I am working through a set of lecture notes on abstract algebra, and I am trying to come up with an alternative proof for one of the theorems. However, I am unsure of how to finish it/if it's possible to finish it. Could any of you help me? Any help would be greatly appreciated!
Theorem. Let $R$ be a PID and let $M$ be a finitely generated $R$-module. Then, $$M\cong R^n\oplus_{j=1}^k R/(a_j)$$ for some elements $a_1,\ldots,a_k\in R$.
My (unfinished) proof. Let $G=\{m_1,\ldots,m_s\}$ be a minimal generating set for $M$ (since $M$ is finitely generated, there must exist some such set $G$).

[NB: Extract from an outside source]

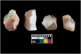 | Description / विवरण | Specimen of fluted cores having several broad fluted marks indicating the detached blades from it. |
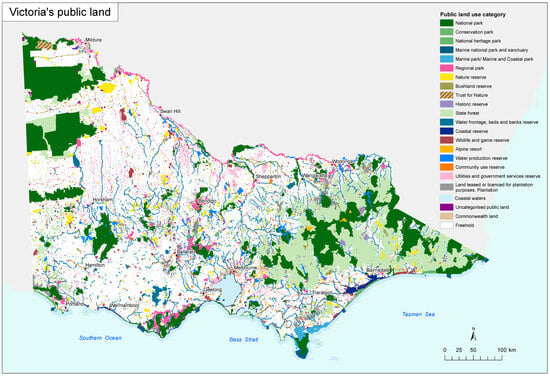 - VEAC. Statewide Assessment of Public Land Discussion Paper for Public Comment; Victorian Environmental Assessment Council: Melbourne, Australia, 2016. [Google Scholar]

Then, $$M=\sum_{1\leq i\leq s} R\cdot m_i.$$ Let $n$ be the number of elements $m_i\in G$ that satisfy that $R\cdot m_i\cong R$. Rearranging if necessary, we may assume that $m_1,\ldots,m_n$ are all such elements. Let $k=s-n$, and consider the remaining generators $m_{n+1},\ldots,m_{n+k}$. For each $1\leq j\leq k$, we introduce the $R$-module homomorphism $$f_j:R\to R\cdot m_{n+j},\quad r\mapsto r\cdot m_{n+j}.$$ Since $R$ is a PID, we can pick some element $a_j\in R$ so that $\ker f_j=(a_j)$. Then, by the 1st isomorphism theorem, $$R\cdot m_{n+j}\cong R/(a_j).$$ Now, consider the map \begin{gather*} \phi:R^n\oplus_{j=1}^k R/(a_j)\to M,\\ (r_1,\ldots,r_n,r_{n+1}+(a_1),\ldots,r_{n+k}+(a_k))\mapsto\sum_{i=1}^{n+k}r_i\cdot m_i. \end{gather*} It is clear that $\phi$ is a surjective $R$-module homomorphism, so it remains to prove that $\phi$ is injective.
Here, I don't see how to continue. I think the problem is is that $G$ is not necessarily linearly independent (since $R$ does not necessarily admit multiplicative inverses). Is it possible to finish this proof? If not, is there any way to salvage it (for example by tweaking the definition of $\phi$)?
The injectivity statement is not true for an arbitrary minimal generating set. For instance, if $R=\mathbb{Z}$, $M=\mathbb{Z}\oplus \mathbb{Z}/2\mathbb{Z}$ with minimal generating set $\{(1,1),(1,0)\}$, then neither generator is torsion. So, they each generate a copy of $\mathbb{Z}$ in $M$. The associated homomorphism $\mathbb{Z}\oplus \mathbb{Z}\to \mathbb{Z}\oplus \mathbb{Z}/2\mathbb{Z}$ is not injective. For instance, $2(1,1)-2(1,0)=(0,0)$, so $(2,-2)$ is in the kernel.